Keywords: aging; chloride permeability; corrosion; cracking; creep; diffusion; degradation; ductility; durability; electric properties; embrittlement; fiber-reinforced cement-based materials; fiber-reinforced products; fire resistance; flexural strength.


Date: 3/1/2010

This document addresses the physical properties and durability of fiber-reinforced concrete (FRC). The effects of fiber reinforcement are evaluated for various physical, short-term, and long-term benefits they impart to the concrete mixture. A variety of test methods, conditions, and properties are reported.

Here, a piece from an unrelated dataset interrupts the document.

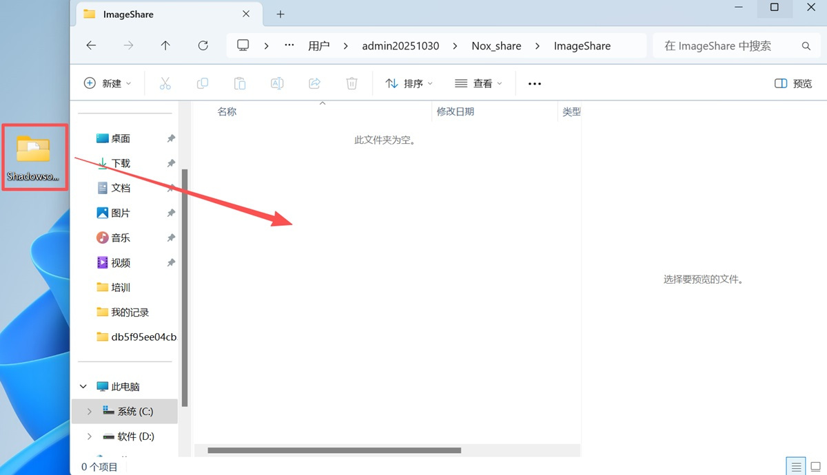 步骤4、将想拖拽进模拟器的文件直接拖拽至【ImageShare】文件夹中(支持大批量选中文件直接拖拽)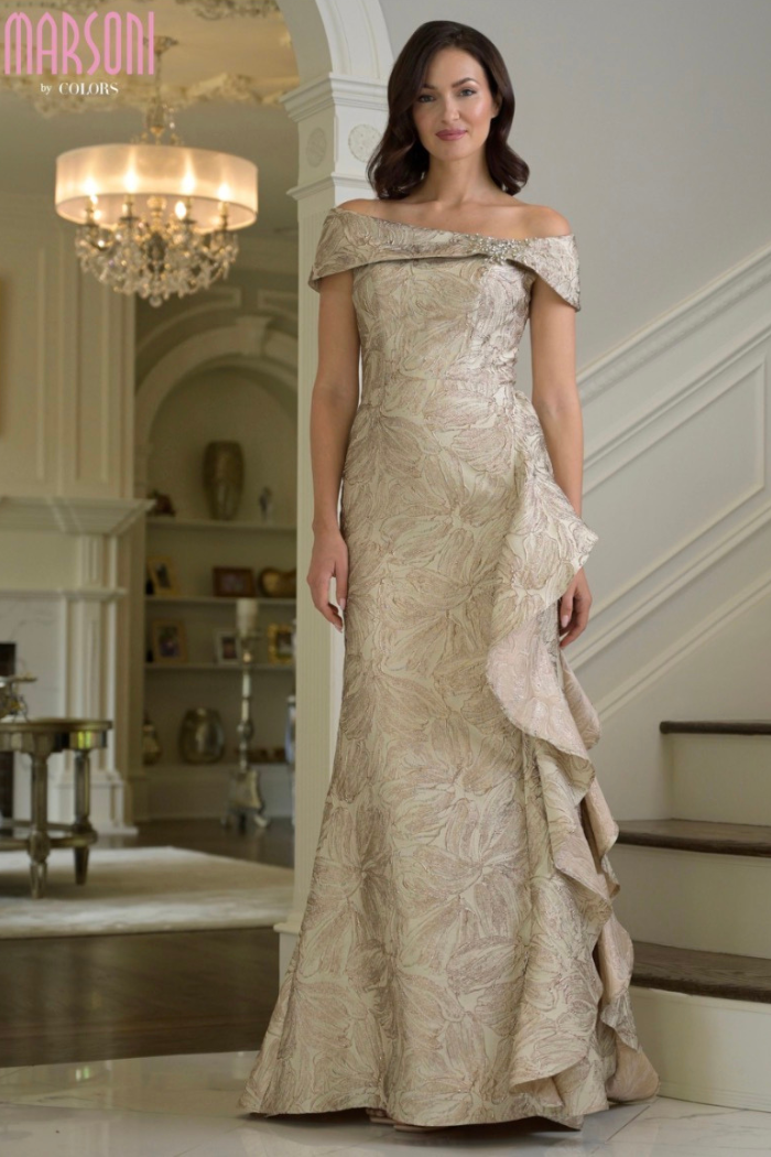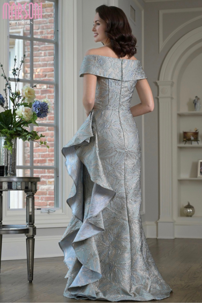 Make a refined statement in the MV1381 by Marsoni, an elegant off-shoulder metallic jacquard gown designed for unforgettable formal occasions. Crafted in a luminous jacquard fabric with subtle metallic sheen, this gown offers timeless sophistication with a modern edge, creating a polished and graceful silhouette.

The various properties listed, in addition to the wide variety ofthe choices available in formulating matrix systems, allow performance-based specification of concrete materials using fibers to become a viable option. This document provides a historical basis and an overview of the current knowledge of FRC materials for tailoring new, sustainable, and durable concrete mixtures. This document is divided into three sections. The first section discusses the physical properties of FRC in terms of electrical, magnetic, and thermal properties. Rheological properties, which affect fiber dispersion and distribution, are discussed using both empirical and quantitative rheology. Mechanisms of creep and shrinkage and the role of various fiber types in affecting both plastic shrinkage cracking and restrained shrinkage cracking are also addressed. The durability of concrete as affected by the addition of fibers is documented under freezing and thawing, corrosion resistance, and scaling. The durability of FRC systems is also affected as different fibers respond differently to the highly alkaline cementitious microstructure. The durability of alkali-resistant glass and cellulose fibers are studied by an in-depth evaluation of long-term accelerated aging results. Degradation and embrittlement due to alkali attack and bundle effect are discussed. Recent advances for modeling and design of materials with aging characteristics are presented. Literature on the use of FRC materials under aggressive environments, extreme temperatures, and fire is presented. The final sections list a series of applications where the use of FRC has resulted in beneficial durability considerations.